Nach Rücksprache mit dem Landesgericht
wird wegen der Waffen von Herrn Berger eine Hausdurchsuchung durchgeführt
und dann auch ein Haftbefehl ausgesprochen.
>>Frau
Berger und die Kinder sind einerseits erleichtert, dass sie keine Angst
mehr haben müssen, andererseits wissen sie nicht, wie das alles weitergehen
wird. Was kommt alles auf sie zu, was ist, wenn die Haft aufgehoben wird
und Herr Berger wieder zurückkommt? Soll sie sich jetzt scheiden
lassen?
>>In einem
ausführlichen Gespräch mit einer Mitarbeiterin der Interventionsstelle
werden mögliche Schritte besprochen wie Antrag auf Verlängerung
des Betretungsverbotes sowie Antrag auf Verfahrenshilfe. Gleichzeitig
wird auch über die Kinder geredet. Der Sohn macht seiner Mutter Vorwürfe,
weil der Papa jetzt im Gefängnis ist, er schämt sich deswegen
und hat auch selbst Schuldgefühle. Die Interventionsstelle nimmt
daher Kontakt mit der zuständigen Sozialarbeiterin vom
Referat für Jugendwohlfahrt auf,
die ihnen eine psychologische Betreuung vermittelt, wobei jederzeit eine
Unterstützung in allen Fragen angeboten wird.
>>In den
nächsten 2 Wochen gibt es mehrmals telefonischen Kontakt mit der
Interventionsstelle und zwischen den beteiligten Institutionen.
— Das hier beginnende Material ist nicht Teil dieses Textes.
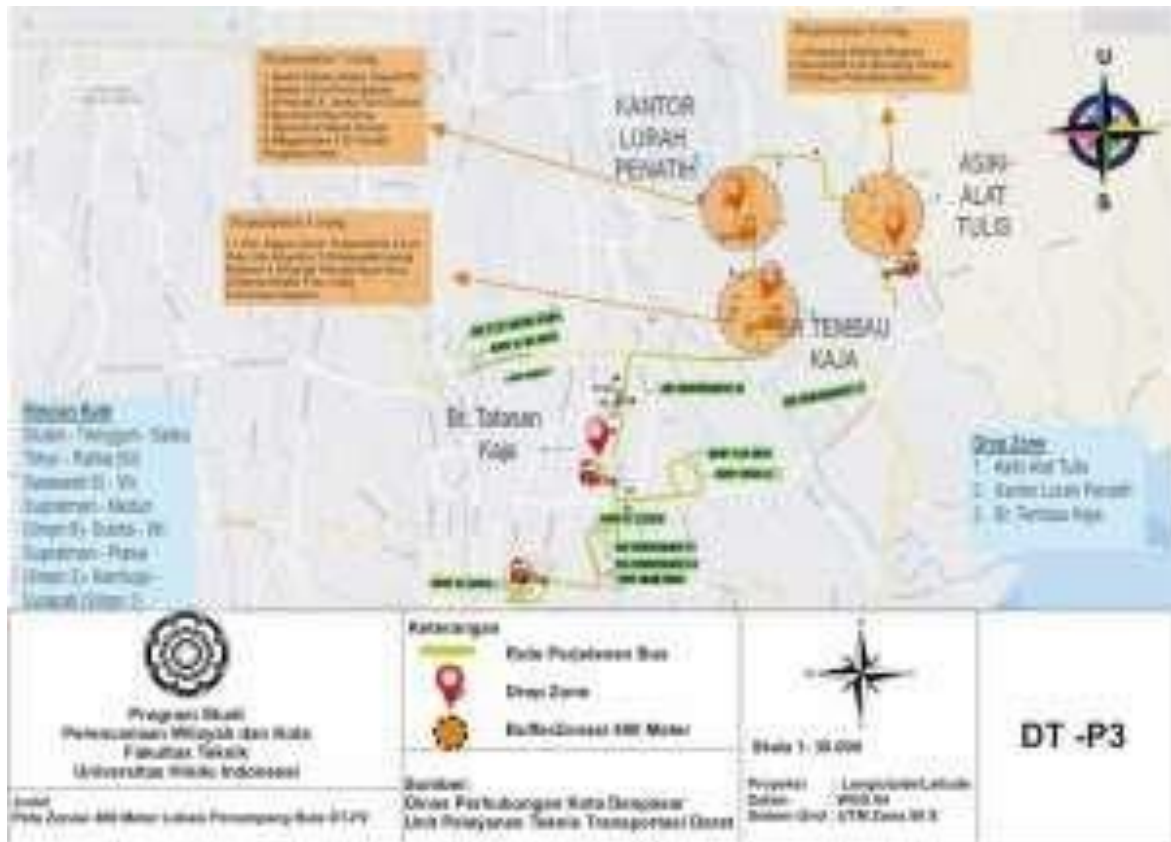
Gambar 2. Peta Buffer 400 BS-6

Pemberhentian disini dapat berupa halte maupun titik kumpul, jadi berdasarkan hasil analisis yang menggunakan buffer 400 meter pada peta mendapatkan hasil bahwa hampir semua tempat titik kumpul yang berjumlah 19 di 12 trayek jarak berjalan anak menuju titik kumpul tidak melebihi 400 meter atau di bawah 400 meter, dengan kata lain jarak berjalan pelajar menuju titik kumpul dikategorikan ideal. Berikut salah satu contoh gambar peta buffer jarak berjalan pelajar menuju titik kumpul, mewakili 12 trayek yang ada dalam bus sekolah Kota Denpasar.

Frau Berger
ersucht um Begleitung zur Kontradiktorischen Einvernahme, weil sie sich
bei Gericht nicht auskennt und Angst hat, etwas falsch zu machen. Außerdem
versucht ihr Mann immer wieder mit ihr Kontakt aufzunehmen und bedrängt
sie dann, alles zurückzunehmen. Frau Berger ist noch immer unsicher,
ob sie sich scheiden lassen soll und hofft, dass ihr Mann durch die Haft
einsichtig geworden ist sowohl was den Alkohol betrifft als auch das Verhalten
ihr gegenüber.
>>Nach
mehreren Gesprächen entscheidet sie sich dafür, dass sie ihrem
Mann nochmals eine Chance gibt und er nach Hause zurückkehren kann.
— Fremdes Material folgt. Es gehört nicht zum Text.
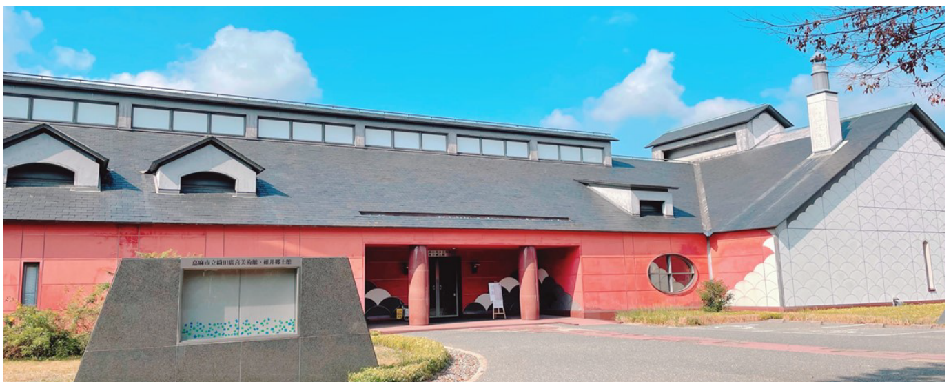
織田廣喜美術館外觀

| 實習簡介 | 織田廣喜美術館是位於日本的福岡縣中部的嘉麻市。該館位於農村地區的碓井琴平文化館內。該美術館的佔地面積約2.388平方公尺並開館於1996年5月。該美術館以日本代表性藝術家之一的織田廣喜 (Hiroki Oda) 大師的名字命名並以展示其歷年來的作品聞名。近期令人興奮的展覽是邀請國際知名兒童繪本藝術家清野幸子展出其《小貓丹丹》繪本的原畫和素描以慶祝該繪本的45週年出版。詳細介紹請參閱該館官網或FB ( https://odabi.libweb.jp/ / FB https://www.facebook.com/odahiroki1996/ )

Allerdings müsste er vorher noch einen stationären Alkoholentzug
durchführen. Dies wird dem Gericht mitgeteilt.
>>In
der Hauptverhandlung wird Herr Berger zu einer unbedingten Haftstrafe
verurteilt. Ein Teil davon wird ihm unter Bestimmung einer Probezeit von
3 Jahren bedingt nachgesehen. Es wird ihm die Weisung erteilt, sich unmittelbar
nach der Haftentlassung einer Entwöhnungskur zu unterziehen und sich
während der Probezeit jeglichen Alkoholkonsums zu enthalten. Außerdem
wird Bewährungshilfe
angeordnet und ihm ein Bewährungshelfer zugeteilt.
>>Nach
der Haft unterzieht sich Herr Berger einer stationären Entwöhnungskur
in Kalksburg. Dort wird als weitere Therapie empfohlen, sich in regelmäßige
Betreuung beim Psychosozialen
Dienst zu begeben.
>>Beim
PSD lernt Herr Berger konsequent an der Aufrechterhaltung seiner Abstinenz
zu arbeiten. Weiters gibt es für ihn auch das Angebot, an einer Selbsthilfegruppe
teilzunehmen und auch medizinisch von einem Facharzt betreut zu werden.
>>Frau
Berger geht mittlerweile immer wieder in die Frauenberatungsstelle.
Sie braucht Unterstützung bei der Aufarbeitung ihrer Erfahrungen
und eine Stärkung ihrer Position in der Beziehung.
>>Herr
Berger hat auch regelmäßigen Kontakt zu seinem Bewährungshelfer.
Dieser versucht in gemeinsamen Gesprächen zu erkennen, ob Herr Berger
auch tatsächlich seine Auflagen erfüllt. In regelmäßigen
Abständen finden aktuelle Situationsbesprechungen zwischen Bewährungshilfe,
Psychosozialem Dienst und Frauenberatungsstelle statt.